Landeshut, 22 avril 1759
Je vous ai envoyé mes vers à ma sœur Amélie, comme l'esquisse d'une épître.
Je n'ai ni l'esprit assez libre, ni assez de temps pour faire quelque chose de fini. Et d'ailleurs quelques inadvertances, quelques crimes de lèse majesté contre Vaugelas ou l'abbé d'Olivet, ne doivent pas vous surprendre. Le moyen d'écrire purement en Allemagne, et de ne pas commettre des fautes d'ignorance et contre l'usage, quand je vois tant de poètes français, domiciliés à Paris, dont les ouvrages en fourmillent! Je remarque de plus qu'il faut avoir un bon critique qui vous fasse observer les fautes que l'amour propre nous voile, qui marque les endroits faibles et défectueux. Je vois assez bien les négligences des autres, et, dans la composition, je demeure aveugle sur les miennes. Voilà comme les hommes sont faits.
Votre nouvelle strophe de cette funeste ode est belle. Je passerais les petites bagatelles qui vous arrêtent. Ne dites pas que Marsyas juge Apollon, si je m'escrime avec vous de poésie.
Au lieu de du sort soutint les coups, on peut mettre affronte les coups; et, au lieu de venir son heure fatale, approcher l'heure fatale.
J'avoue que son heure fatale vaut mieux que l'heure fatale; c'est à vous d'en juger.
Pour l'ode, en général, elle est très belle. Voici les difficultés qu'un ignorant vous propose. Vous le confondrez peut-être fondé sur l'autorité des Olivet, des Quarante, et de toute la république de Genève.
Dans cette foule abreuvée, amphibologie; est ce la foule qui est abreuvée ou est ce la mort? J'entends bien votre idée; mais un grand poète comme vous ne doit point avoir recours à un commentaire pour expliquer sa pensée.
5me strophe. Je fus battu à Hochkirch, le moment que ma digne sœur expirait.
6me strophe, admirable; 7me, 8me, excellentes; 9me, de même. La dernière partie de la 10me ne répond pas au commencement.
La stupide ignorance, les Midas, les Homère, les Zoïle, est étranger au sujet de l'ode, et ne sert là que de remplissage. Il s'agit de ma sœur, et non d'Homère ni de Zoïle.
Strophe 11me, bonne; 12me, qui font des cours les plus belles, infâme cheville. Le sens finit, qui font des cours; les plus belles n'est qu'un remplissage sans beauté, digne de Mévius, et non pas de Virgile. Cela demande absolument une correction, cela est lâche et faible.

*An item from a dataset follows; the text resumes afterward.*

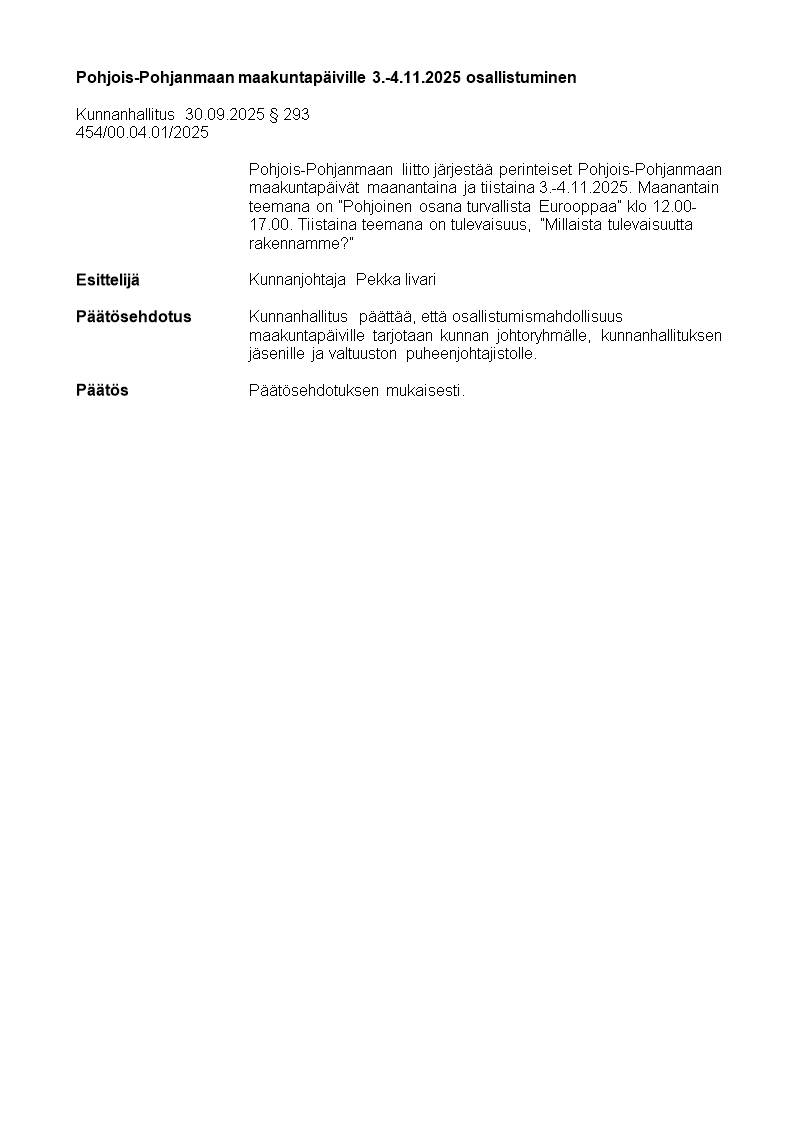Pöytäkirja 30.09.2025/Pykälä 293

Strophe 13me. Du temps qui fuit toujours tu fis toujours usage; la répétition de toujours est sans grâce. Si moi, polisson, je devais corriger ce vers, je suerais sang et eau; mais Voltaire n'est pas Voltaire en vain. C'est à lui à y donner plus de force. Lueur obscure, plus affreuse que la nuit; cela est digne des ténèbres visibles de Milton, dont l'auteur de la Henriade s'est tant moqué.
Les strophes 14me et 15me sont admirables.
Je crois vous voir à la lecture de ma lettre. Quel polisson! direz vous; qu'il fasse premièrement de bons vers, et qu'ensuite il se mêle de reprendre ceux des autres. Mais je vous le dis encore, je ne vois goutte aux miens, je les trouve souvent faibles, mais je n'ai pas le talent de les faire meilleurs. D'ailleurs, ne prenez jamais pour juge de vos vers un général d'armée qui se trouve vis à vis de l'ennemi; c'est le moment où l'on est le moins traitable.
J'ai dérangé le projet de campagne de m. Daun et des Français, sans presque remuer de ma place. Je suis occupé à présent à d'autres sottises de cette espèce; et, tant que cette chienne de vie durera, ne croyez pas trouver en moi un critique indulgent. On prend l'esprit de son métier, et, dans ces moments d'alarmes, je fais main basse, si je peux, sur l'ennemi et sur tous les vers qui ne me plaisent pas, hormis les miens.
Adieu, ermite suisse; ne vous fâchez pas contre don Quichotte, qui jetait les vers de l'Arioste au feu, qui ne valaient pas les vôtres, et ayez quelque indulgence pour un censeur germanique qui vous écrit des fins fonds de la Silésie.